MATERIAL PROVIDED:
○ ○ ○

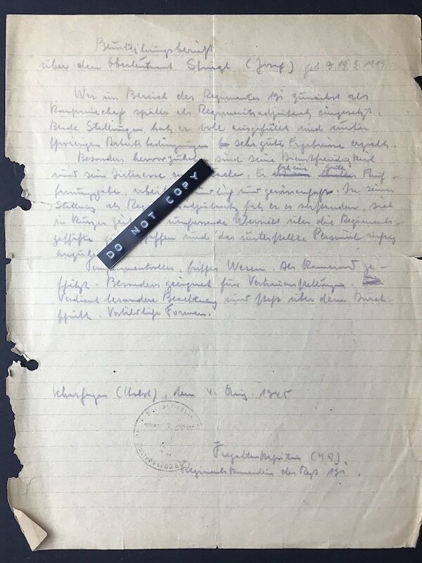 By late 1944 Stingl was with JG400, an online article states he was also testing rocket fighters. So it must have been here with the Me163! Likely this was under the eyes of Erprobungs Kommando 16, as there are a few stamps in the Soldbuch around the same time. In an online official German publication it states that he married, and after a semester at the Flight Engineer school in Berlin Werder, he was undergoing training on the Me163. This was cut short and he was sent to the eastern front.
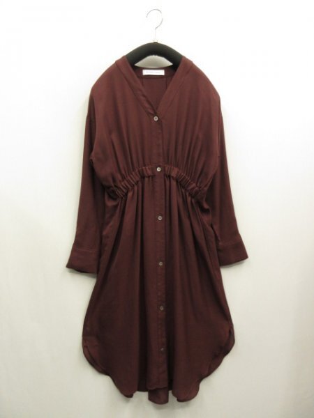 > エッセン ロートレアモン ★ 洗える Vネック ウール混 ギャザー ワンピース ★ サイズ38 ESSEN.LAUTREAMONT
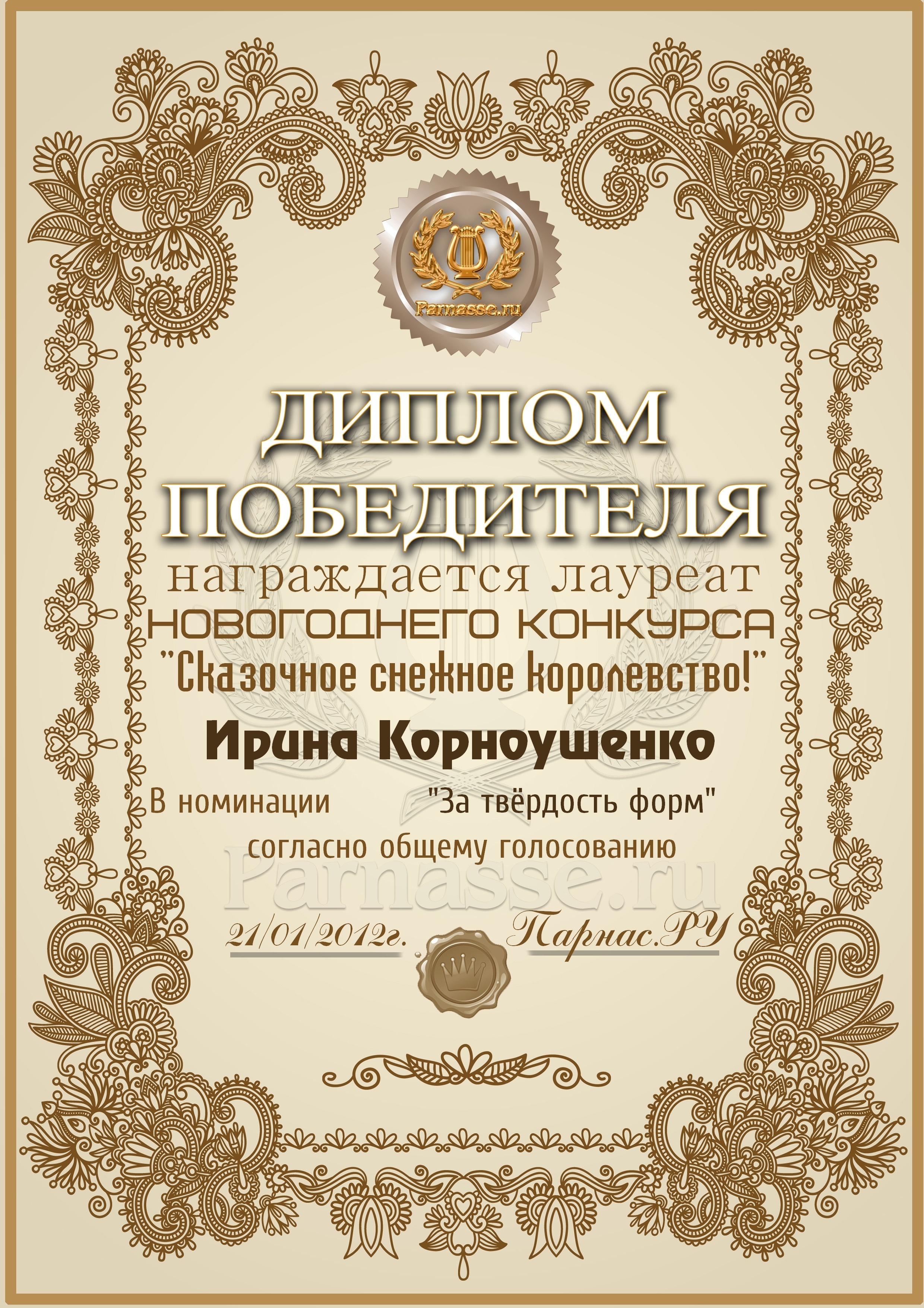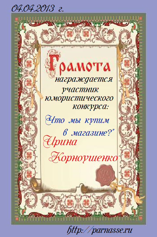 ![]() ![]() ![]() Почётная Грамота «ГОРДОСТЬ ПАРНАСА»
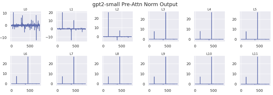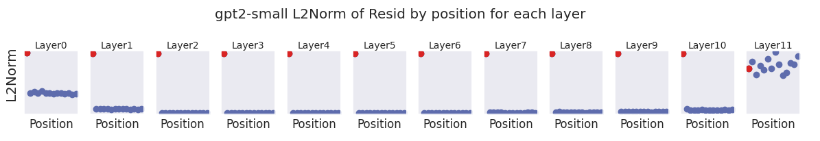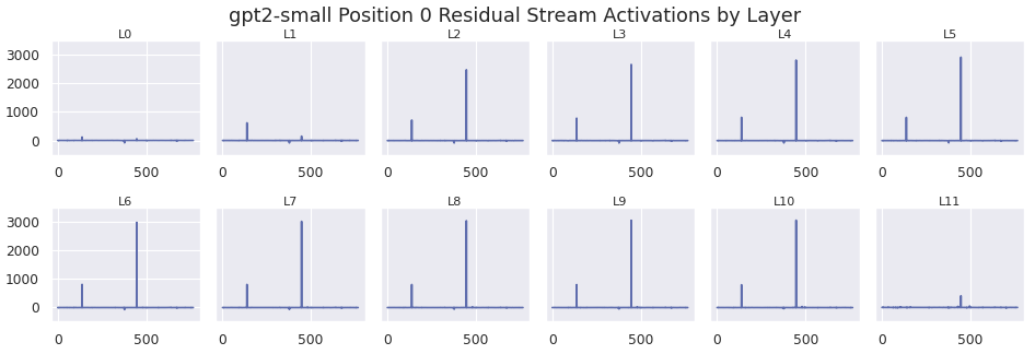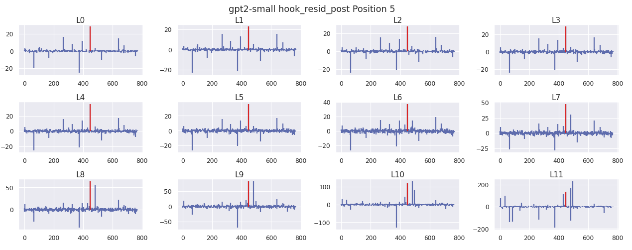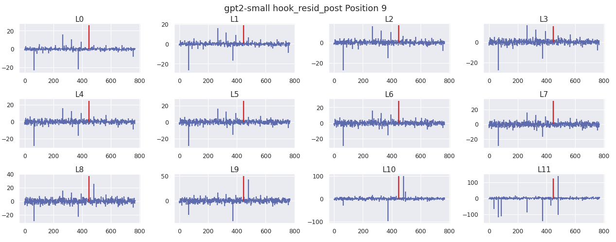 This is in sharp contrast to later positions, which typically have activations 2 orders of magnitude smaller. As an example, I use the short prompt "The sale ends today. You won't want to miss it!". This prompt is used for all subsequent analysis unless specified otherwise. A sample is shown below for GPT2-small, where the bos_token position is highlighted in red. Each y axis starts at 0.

○ ○ ○

ASSIGNMENT: Output every line above exactly as it stands, and drop any picture.

SOLUTION TO THIS PROBLEM:
 By late 1944 Stingl was with JG400, an online article states he was also testing rocket fighters. So it must have been here with the Me163! Likely this was under the eyes of Erprobungs Kommando 16, as there are a few stamps in the Soldbuch around the same time. In an online official German publication it states that he married, and after a semester at the Flight Engineer school in Berlin Werder, he was undergoing training on the Me163. This was cut short and he was sent to the eastern front.
 > エッセン ロートレアモン ★ 洗える Vネック ウール混 ギャザー ワンピース ★ サイズ38 ESSEN.LAUTREAMONT
 ![]() ![]() ![]() Почётная Грамота «ГОРДОСТЬ ПАРНАСА»
 This is in sharp contrast to later positions, which typically have activations 2 orders of magnitude smaller. As an example, I use the short prompt "The sale ends today. You won't want to miss it!". This prompt is used for all subsequent analysis unless specified otherwise. A sample is shown below for GPT2-small, where the bos_token position is highlighted in red. Each y axis starts at 0.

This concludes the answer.